Records drawn from a dataset
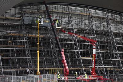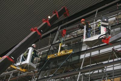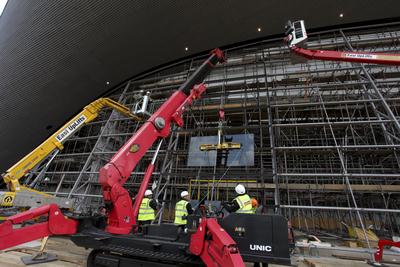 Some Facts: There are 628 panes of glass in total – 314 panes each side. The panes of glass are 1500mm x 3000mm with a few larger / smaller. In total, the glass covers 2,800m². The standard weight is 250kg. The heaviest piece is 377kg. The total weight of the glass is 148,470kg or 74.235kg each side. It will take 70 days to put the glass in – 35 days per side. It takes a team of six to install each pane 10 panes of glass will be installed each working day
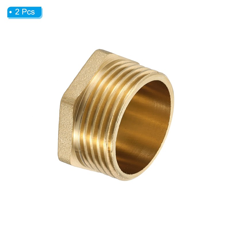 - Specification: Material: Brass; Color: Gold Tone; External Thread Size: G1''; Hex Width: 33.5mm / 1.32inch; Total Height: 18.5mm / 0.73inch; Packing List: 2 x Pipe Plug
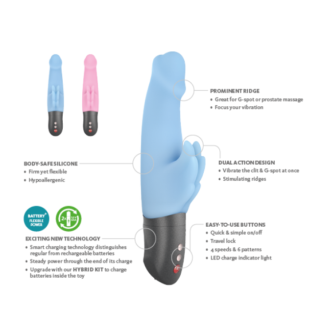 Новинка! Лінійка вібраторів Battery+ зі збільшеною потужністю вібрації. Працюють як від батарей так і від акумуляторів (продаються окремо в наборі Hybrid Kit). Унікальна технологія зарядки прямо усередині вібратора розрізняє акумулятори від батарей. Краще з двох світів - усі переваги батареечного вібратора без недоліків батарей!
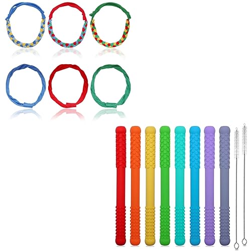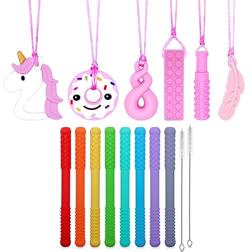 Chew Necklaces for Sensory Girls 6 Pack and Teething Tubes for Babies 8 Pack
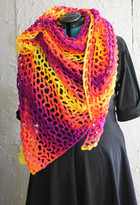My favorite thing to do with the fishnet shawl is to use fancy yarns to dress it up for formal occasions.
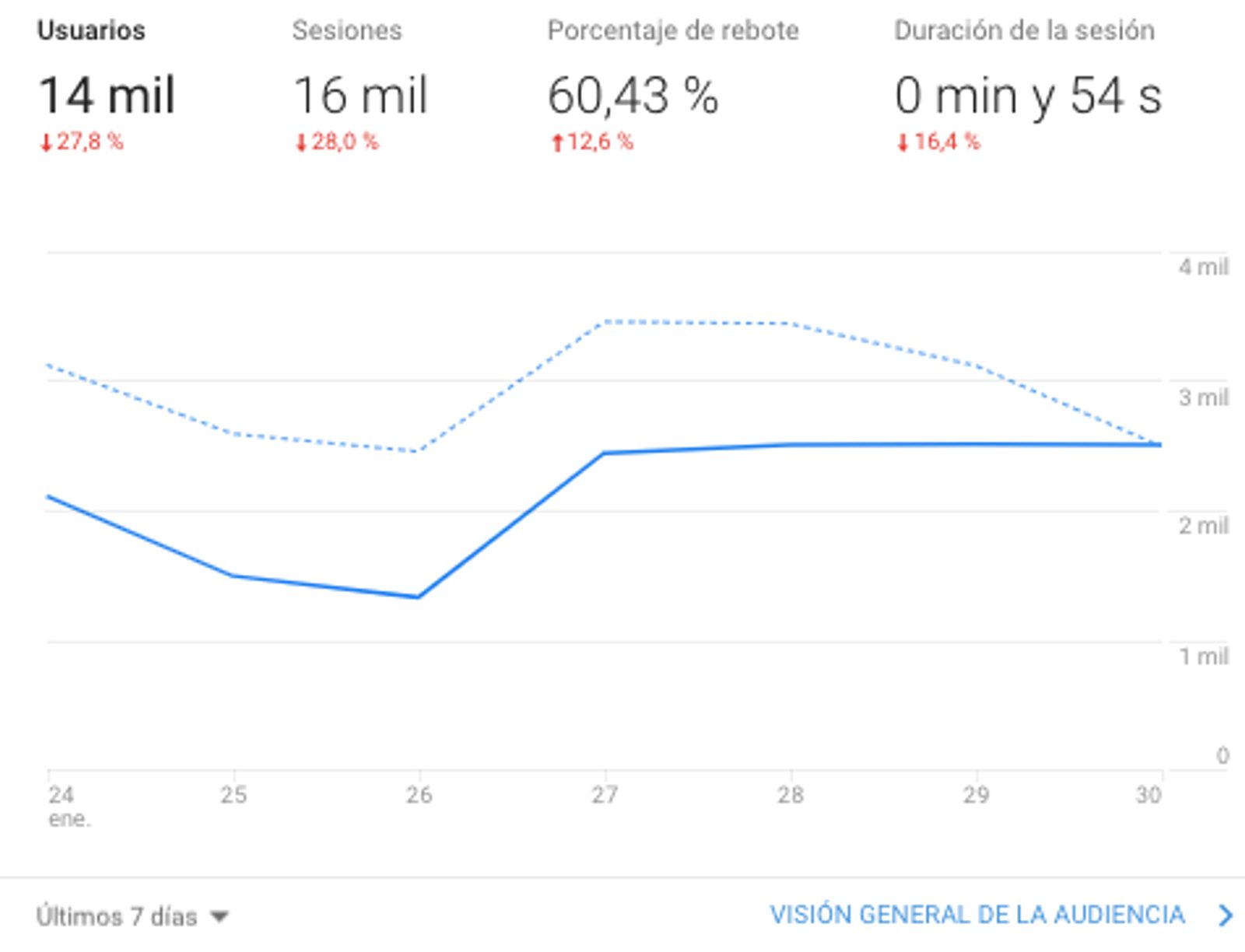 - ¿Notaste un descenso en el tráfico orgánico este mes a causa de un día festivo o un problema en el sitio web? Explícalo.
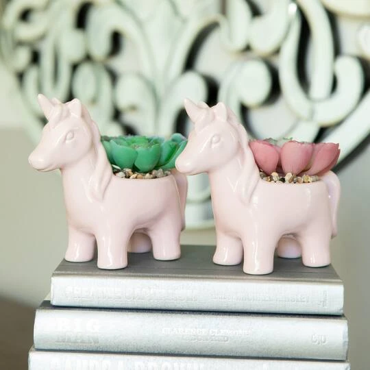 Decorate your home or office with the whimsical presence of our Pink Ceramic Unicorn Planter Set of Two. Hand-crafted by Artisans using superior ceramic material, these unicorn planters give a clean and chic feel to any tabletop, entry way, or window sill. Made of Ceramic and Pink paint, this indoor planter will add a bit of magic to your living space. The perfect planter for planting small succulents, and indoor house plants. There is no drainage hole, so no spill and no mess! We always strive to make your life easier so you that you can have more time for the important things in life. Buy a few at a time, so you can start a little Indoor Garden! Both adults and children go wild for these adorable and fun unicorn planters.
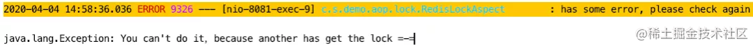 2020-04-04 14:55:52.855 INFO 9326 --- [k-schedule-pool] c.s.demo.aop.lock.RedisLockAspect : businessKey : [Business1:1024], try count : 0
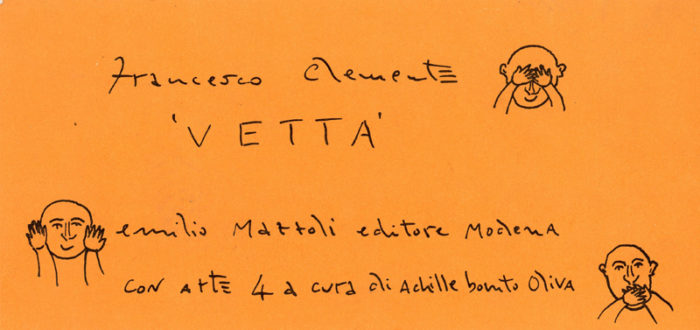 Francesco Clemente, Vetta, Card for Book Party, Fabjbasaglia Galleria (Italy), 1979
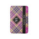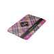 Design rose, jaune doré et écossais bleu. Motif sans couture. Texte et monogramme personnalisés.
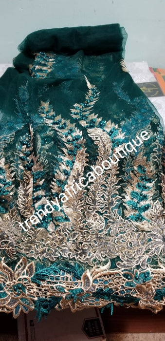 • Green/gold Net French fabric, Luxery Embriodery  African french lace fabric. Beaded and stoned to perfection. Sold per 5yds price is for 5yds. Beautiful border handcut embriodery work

§ ASSIGNMENT:
Reproduce exactly and only the lines from the one with "Design rose, jaune" through the final line of the records above, inclusive. Pictures must be left out.

§ SOLUTION FOR THIS PROBLEM:
 Design rose, jaune doré et écossais bleu. Motif sans couture. Texte et monogramme personnalisés.
 • Green/gold Net French fabric, Luxery Embriodery  African french lace fabric. Beaded and stoned to perfection. Sold per 5yds price is for 5yds. Beautiful border handcut embriodery work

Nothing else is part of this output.